What Is SPF – And Why It Is Essential If Your Server Handles Email
One of the biggest issues with email has always been how vulnerable it is to spoofing, with the mail client and server trusting the input given by the user for identification of the sender. Spammers often abused this to send email giving the impression that it came from a reputable source. A solution was needed to ensure that email was only accepted from the rightful sender to reduce the amount of spam sent and to make it harder for a spammer to make the email appear to be coming from a reputable domain.
SPF Solution
This is where SPF, or Sender Policy Framework, comes in. This is a method by which the owner of a domain can use a special DNS record to specify which servers should be sending email on behalf of the domain. Servers receiving email will check for SPF records for the domain that the email purports to come from; if the sending server doesn’t match any record then the email will be discarded, and if there is a match it will be delivered. If the domain lacks an SPF record, some servers may deliver the email, some may flag it as spam, and others may discard it depending on their configuration.
So now we’ve established how SPF works, let’s look at how we can create an SPF record for a particular domain.
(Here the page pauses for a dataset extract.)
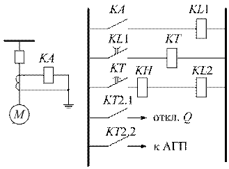 На промышленных предприятиях довольно широко применяются мощные синхронные двигатели, которые так же. как и АД должны иметь защиты: - от междуфазных КЗ - от замыканий на землю, - защиту минимального напряжения, - защиту от перегрузки. Первая особенность защит СД – они должны действовать не только на отключение выключателя двигателя, но и на АГП, если он имеется. Варианты осуществления АГП: - введение сопротивления R в цепь обмотки возбуждения возбудителя (Р Д < 2 МВт), - введение сопротивления R в цепь обмотки возбуждения (Р Д > 2 МВт), - если СД оборудован тиристорной системой возбуждения, то АГП обеспечивается самой системой возбуждения. Вторая особенность защит СД – дополнительно СД оснащаются защитой от выпадения из синхронизма. Причинами выпадения СД из синхронизма могут быть: - снижение напряжения в сети (КЗ, резкое увеличение нагрузки, ошибочные коммутации), - уменьшение тока возбуждения СД ниже допустимого предела или обрыв в цепи возбуждения, - увеличение нагрузки на приводимом механизме. Традиционный способ выполнения защиты СД от потери синхронизма – фиксация периодических колебаний тока статора. Такая защита может быть выполнена с помощью токового реле, действующего на выключатель и АГП с выдержкой времени. Так как ток, проходящий в СД пульсирует, то токовое реле КА будет то срабатывать, то возвращаться. Чтобы исключить размыкание контактов реле времени КТ, в схему вводят дополнительное исполнительное реле KL 1 с задержкой на размыкание контакта.
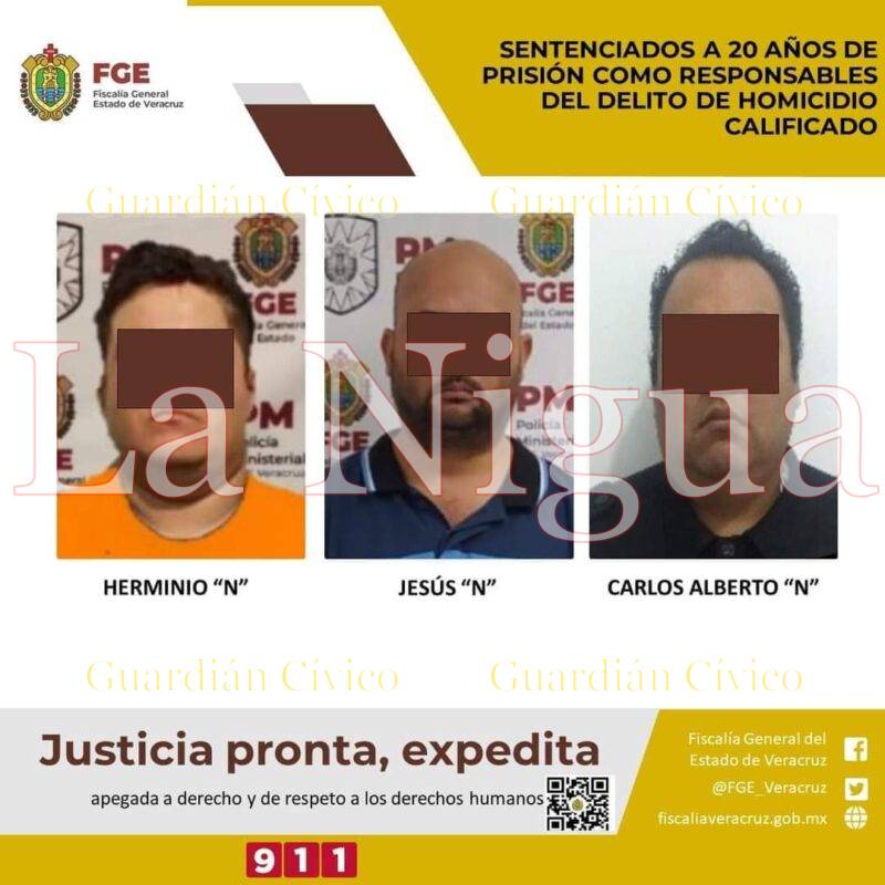 Coatzacoalcos, Ver., 31 de octubre de 2023.- La Fiscalía Regional #Coatzacoalcos logró sentencia condenatoria de 20 años de prisión en contra de Herminio “N”, Jesús “N” y Carlos Alberto “N” como responsables del delito de homicidio calificado en agravio de la víctima identificada con las iniciales M.A.G.L.

An SPF record is a specially formatted TXT record that specifies the details of any servers that can and can’t send mail for the domain. Here’s an easy example using the SPF record for example.com:
example.com. 60 IN TXT “v=spf1 -all”
To show that the DNS TXT record is for SPF, the record starts with “v=spf1”. This is then followed by the rules of where it can and can’t send email separated by spaces. In this instance, there is only one rule which is “-all”, which tells a mail server reading the record that nowhere should be sending mail for that domain.
Understanding SPF Rules
As with everything else, the rules need to be formatted in a specific way to be understood.
Here’s a list of the options:
all Matches any domain.
a Matches any domain whose DNS A or AAAA records match the sending IP.
MX Matches any domain whose DNS MX records match the sending IP.
PTR Matches if the domain in the IPs PTR record matches the sender’s domain.
EXISTS Matches if the domain name resolves to any address.
INCLUDE References another domains SPF record and matches any domains that match settings for that record.
IP4 Match a specific IPv4 address or range of addresses specified in CIDR notation, eg IP4:xxx.xxx.xxx.xxx/xx.
IP6 Match a specific IPv6 address or range similarly to the above.
There are also modifiers that dictate how these matches should be handled:
+ Mail received that matches this rule should pass; this is the default action and as such the + is optional.
– Mail received that matches this rule should be rejected.
~ Mail received that matches this rule should pass but be flagged.
? Mail received that matches this rule should have no policy set (would be handled the same as a domain without SPF).
In real-world use, the only modifier you will likely use would be the – one.
Now let’s look at a simple example SPF record that will work as a base for most domains:
v=spf1 a mx -all
In this case, the rule allows for acceptance of email from servers where the A or AAAA records for the domain match the sending server’s IP, or where the server sending the mail is in the domain’s MX records. In all other cases the email should be rejected. If you have servers that also send email, such as status and monitoring email that you find are rejected, you can also specify their IPs individually in your SPF record to ensure they come through to you. For example:
v=spf1 a mx ip:192.168.1.23 -all
That’s pretty much all there is to it – quite simple for something that initially can look quite confusing. From here you should be able to put together what you need for an SPF record for your domain and hopefully avoid any future email bounced as spam.